## Source material:
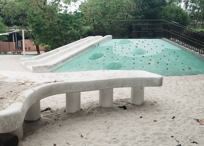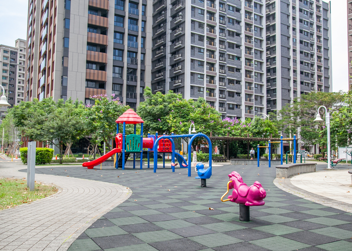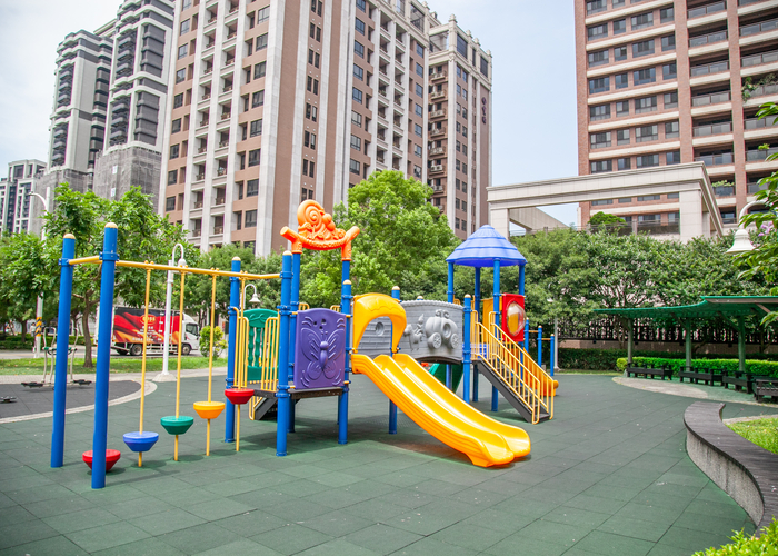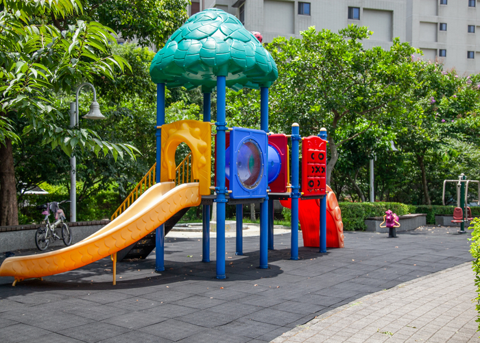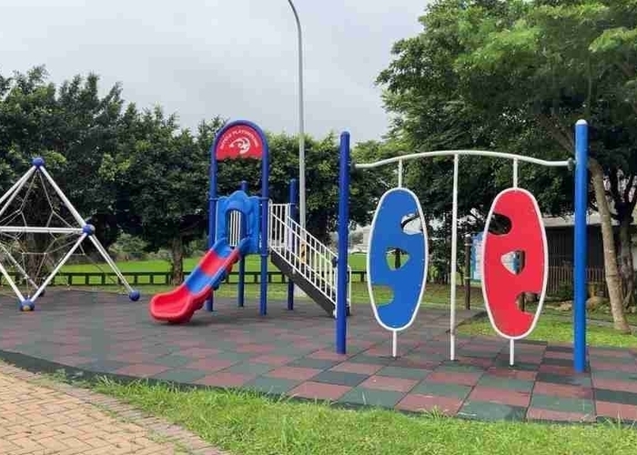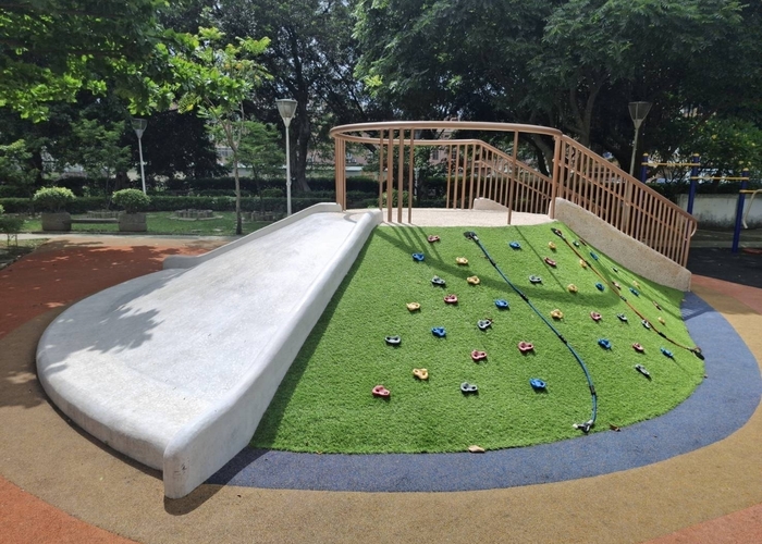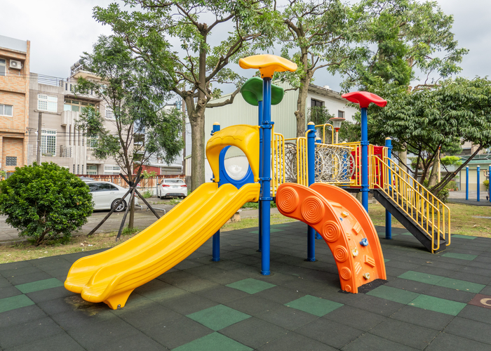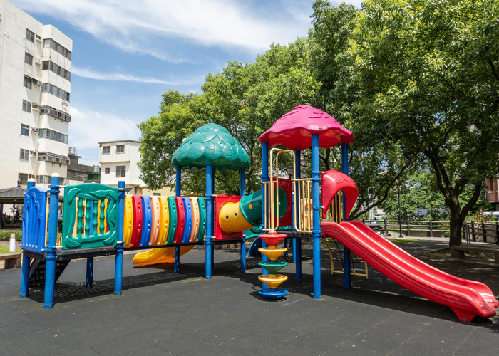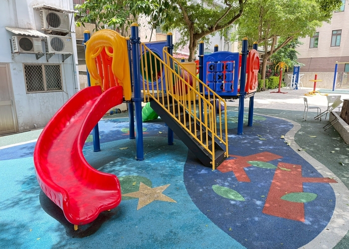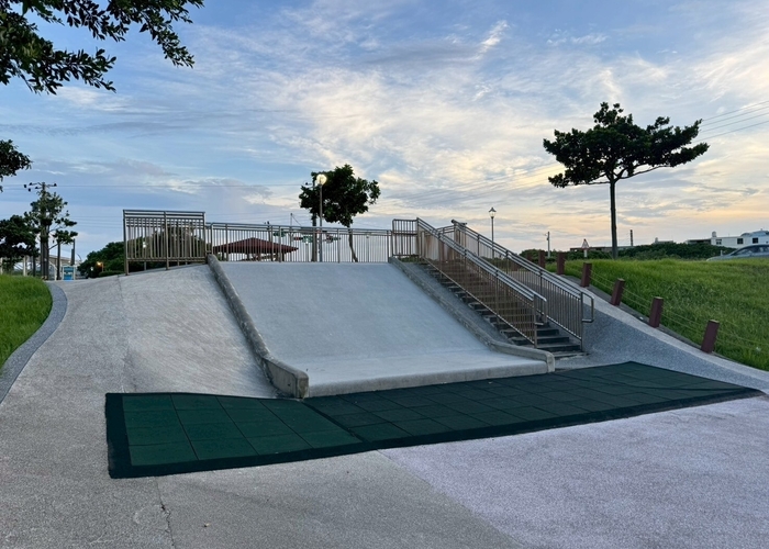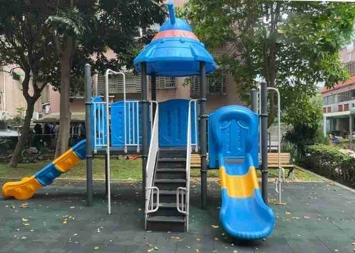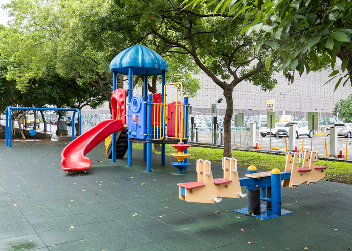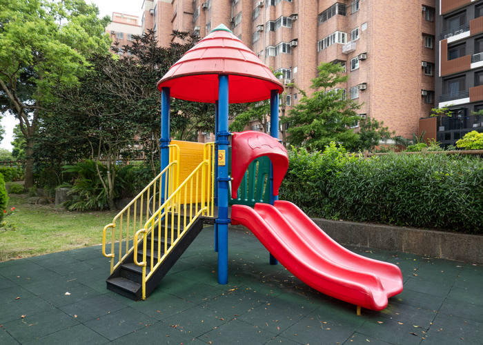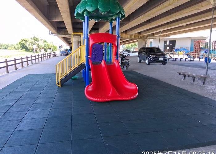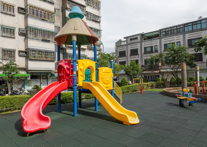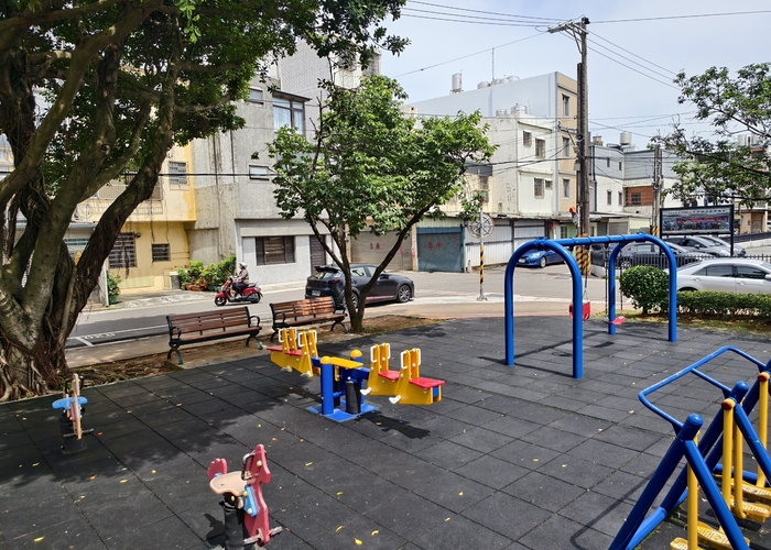 青埔公七公園位於青埔市民活動中心建築上方,巧妙運用建築高低差設置四道不同材質的管狀溜滑梯與攀岩設施,打造層次豐富的立體遊戲空間。園區整體融合自然造景與遊具設計,兼具挑戰性與趣味性,另設有沙坑區,提供更多元的親子互動體驗。
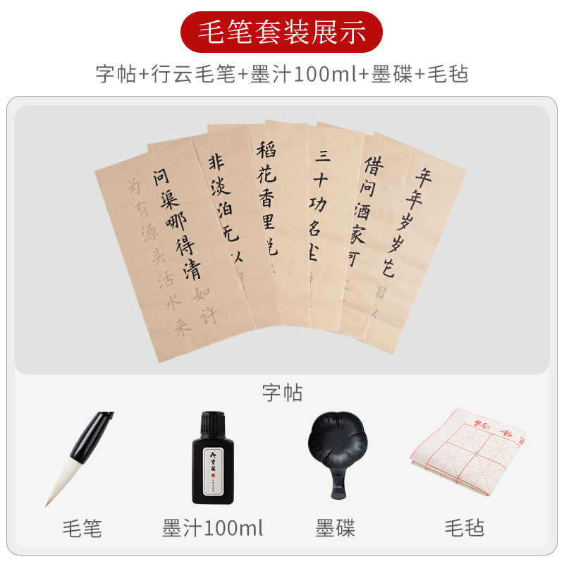 初学者中楷描红毛笔字帖练字专用成年书法入门临摹套装软笔练字帖楷书作品纸仿古纸张软头笔练习纸临慕宣纸
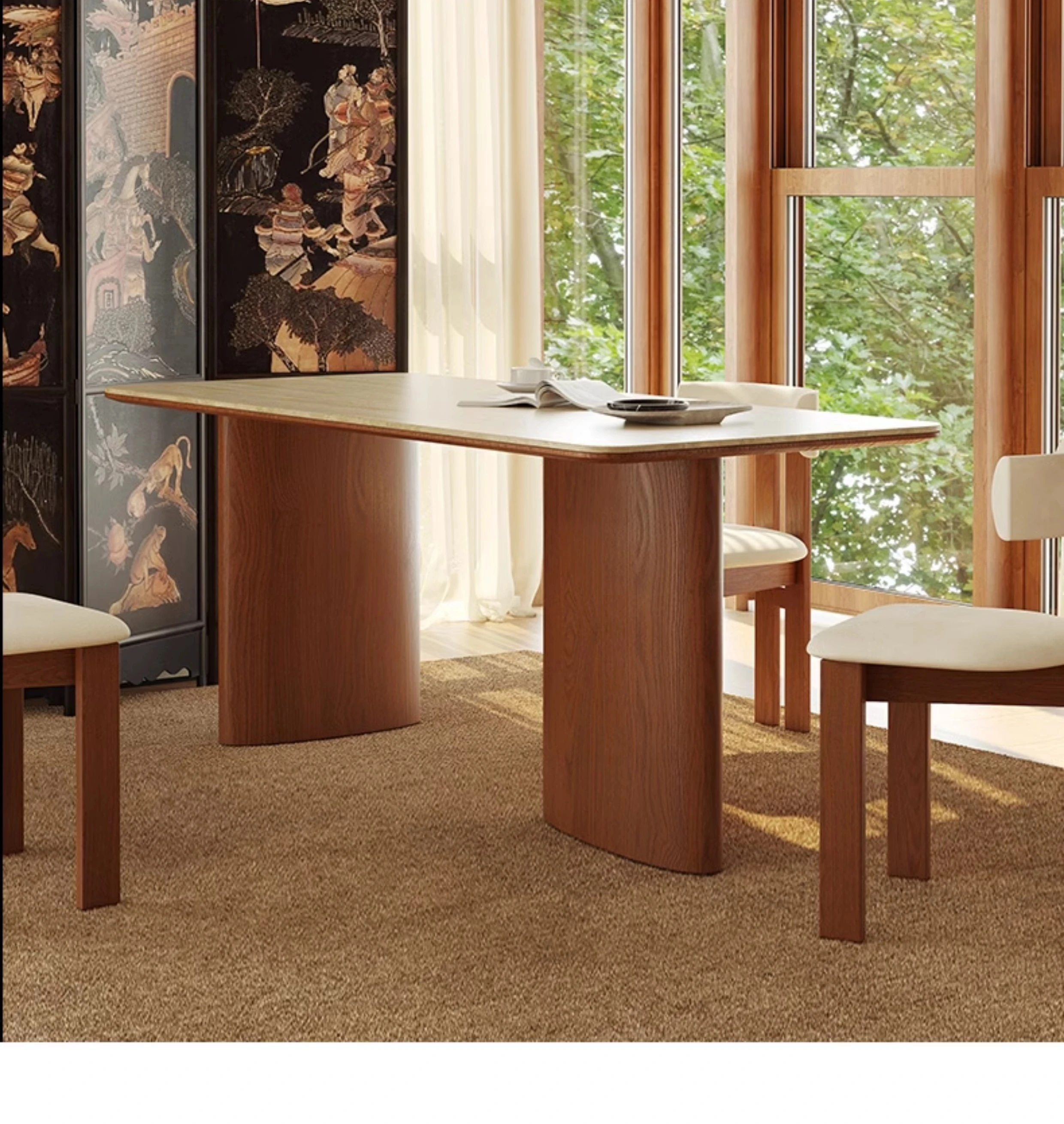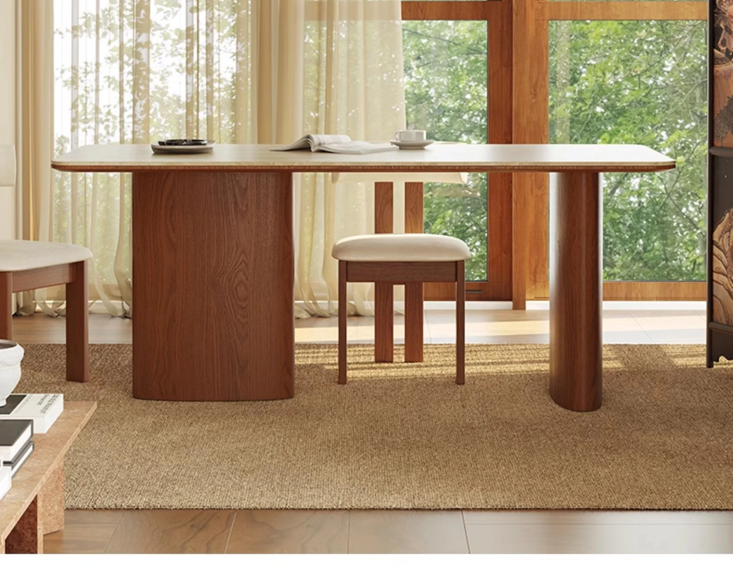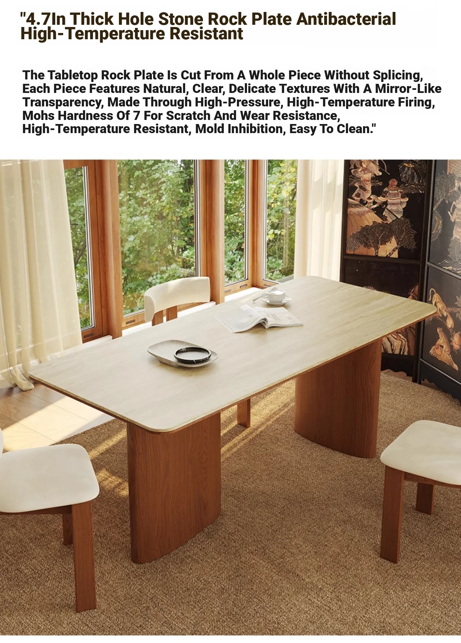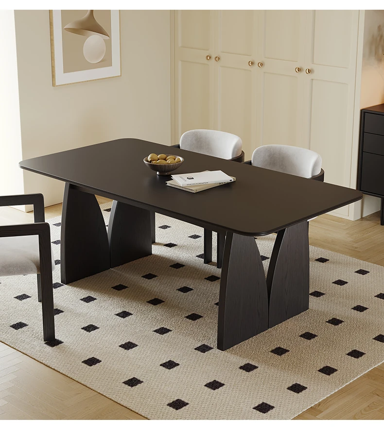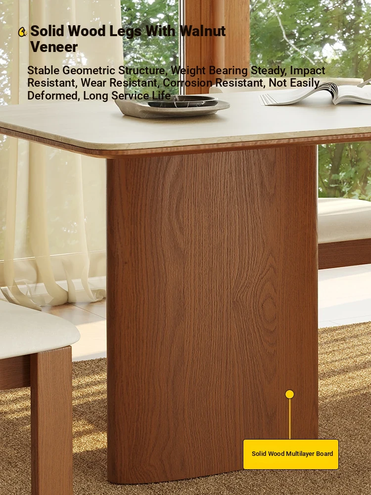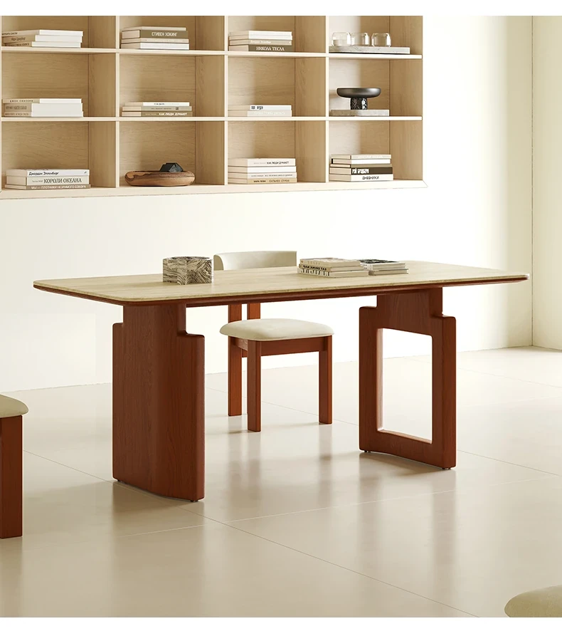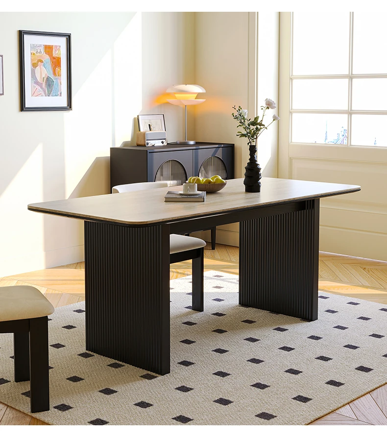 Vintage French-style Solid Wood Dining Table with Cavernous Stone Top - Perfect for Cozy Living Spaces, Made from Ash Wood, Ideal for Home Use and Small Apartments
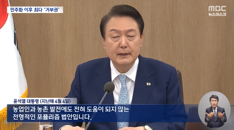 윤석열 대통령의 거부권은 취임 1년이 채 되지 않아 나왔습니다.
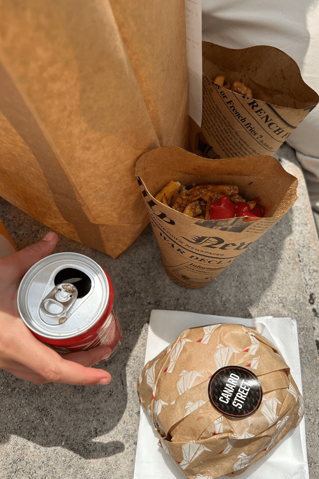 Menú hamburguesa de pato con patatas y refresco, 10,90euros
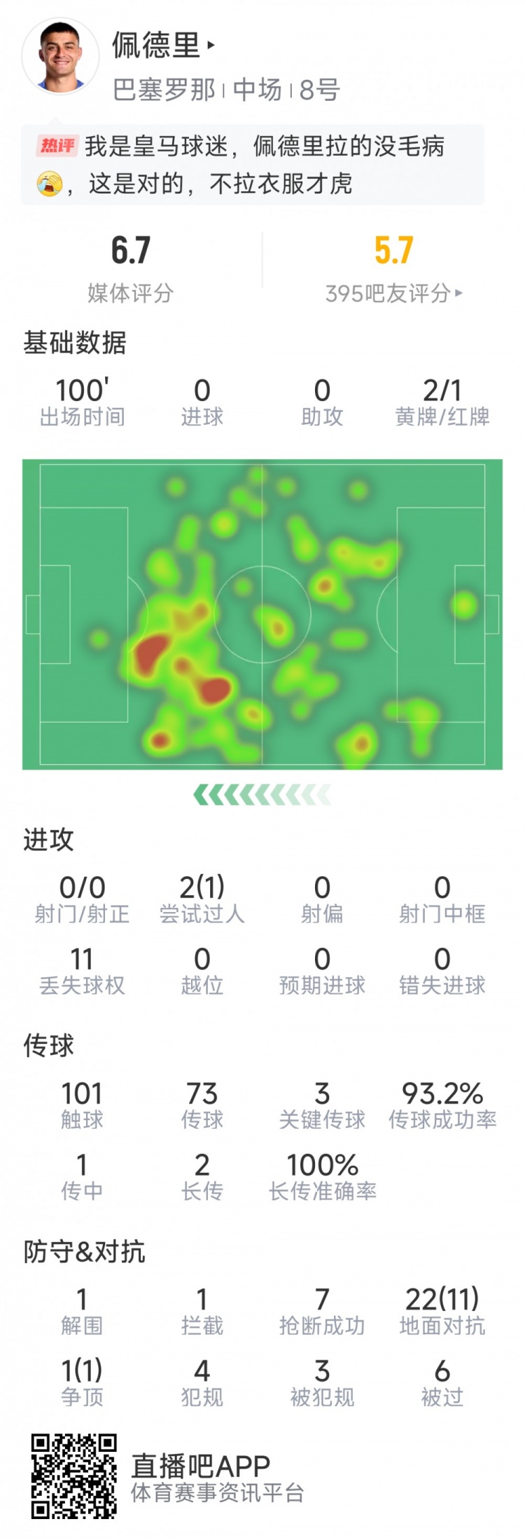 佩德里本场数据:3次要道传球,7次抢断,终末本事两黄被罚下
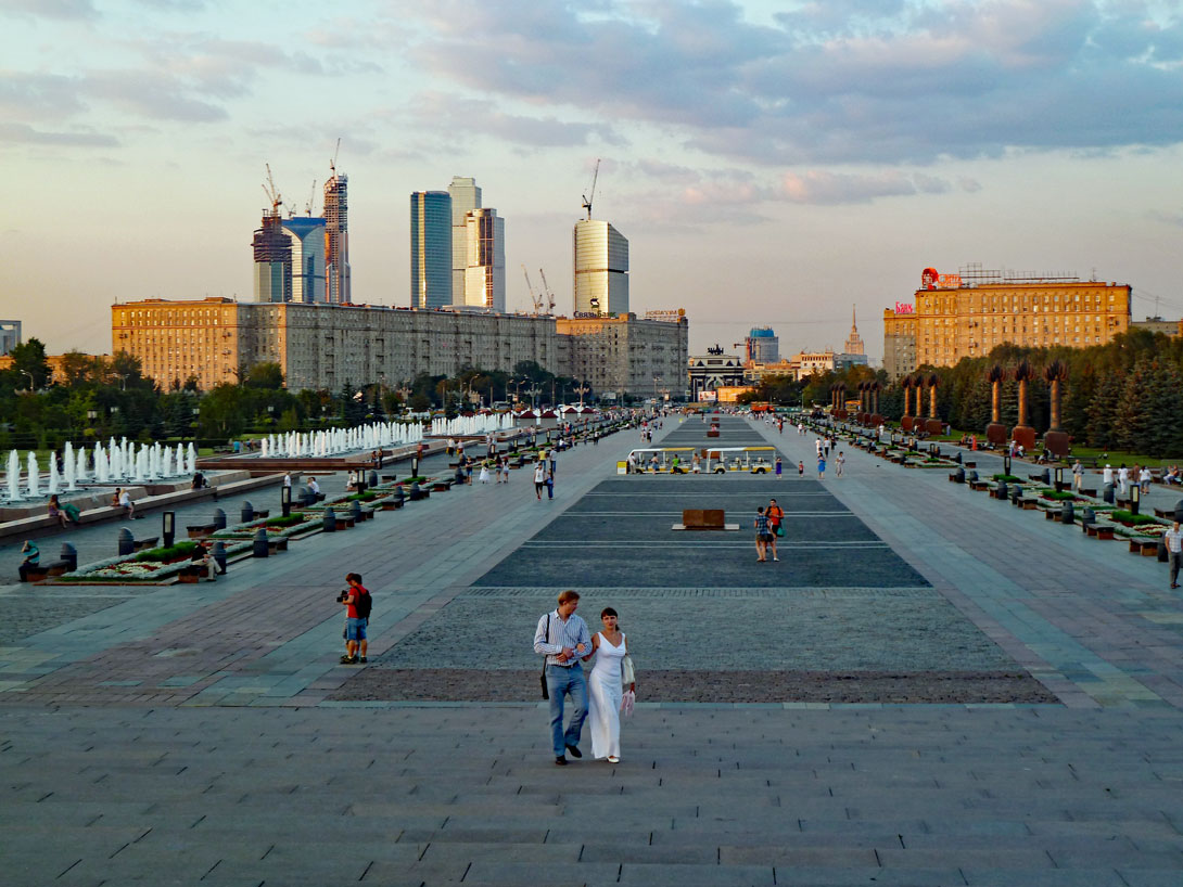 Der erste Fotostopp erfolgt auf dem Sperlingsberg, das ist die Stelle, von wo man den besten Blick auf die Lomonossow-Universität und das Olympiagelände hat. Allerdings ist man da noch ein großes Stück von der Innenstadt weg.

## Action item:
Output the material word for word, and keep the pictures out.

## Result of this task:
 青埔公七公園位於青埔市民活動中心建築上方,巧妙運用建築高低差設置四道不同材質的管狀溜滑梯與攀岩設施,打造層次豐富的立體遊戲空間。園區整體融合自然造景與遊具設計,兼具挑戰性與趣味性,另設有沙坑區,提供更多元的親子互動體驗。
 初学者中楷描红毛笔字帖练字专用成年书法入门临摹套装软笔练字帖楷书作品纸仿古纸张软头笔练习纸临慕宣纸
 Vintage French-style Solid Wood Dining Table with Cavernous Stone Top - Perfect for Cozy Living Spaces, Made from Ash Wood, Ideal for Home Use and Small Apartments
 윤석열 대통령의 거부권은 취임 1년이 채 되지 않아 나왔습니다.
 Menú hamburguesa de pato con patatas y refresco, 10,90euros
 佩德里本场数据:3次要道传球,7次抢断,终末本事两黄被罚下
 Der erste Fotostopp erfolgt auf dem Sperlingsberg, das ist die Stelle, von wo man den besten Blick auf die Lomonossow-Universität und das Olympiagelände hat. Allerdings ist man da noch ein großes Stück von der Innenstadt weg.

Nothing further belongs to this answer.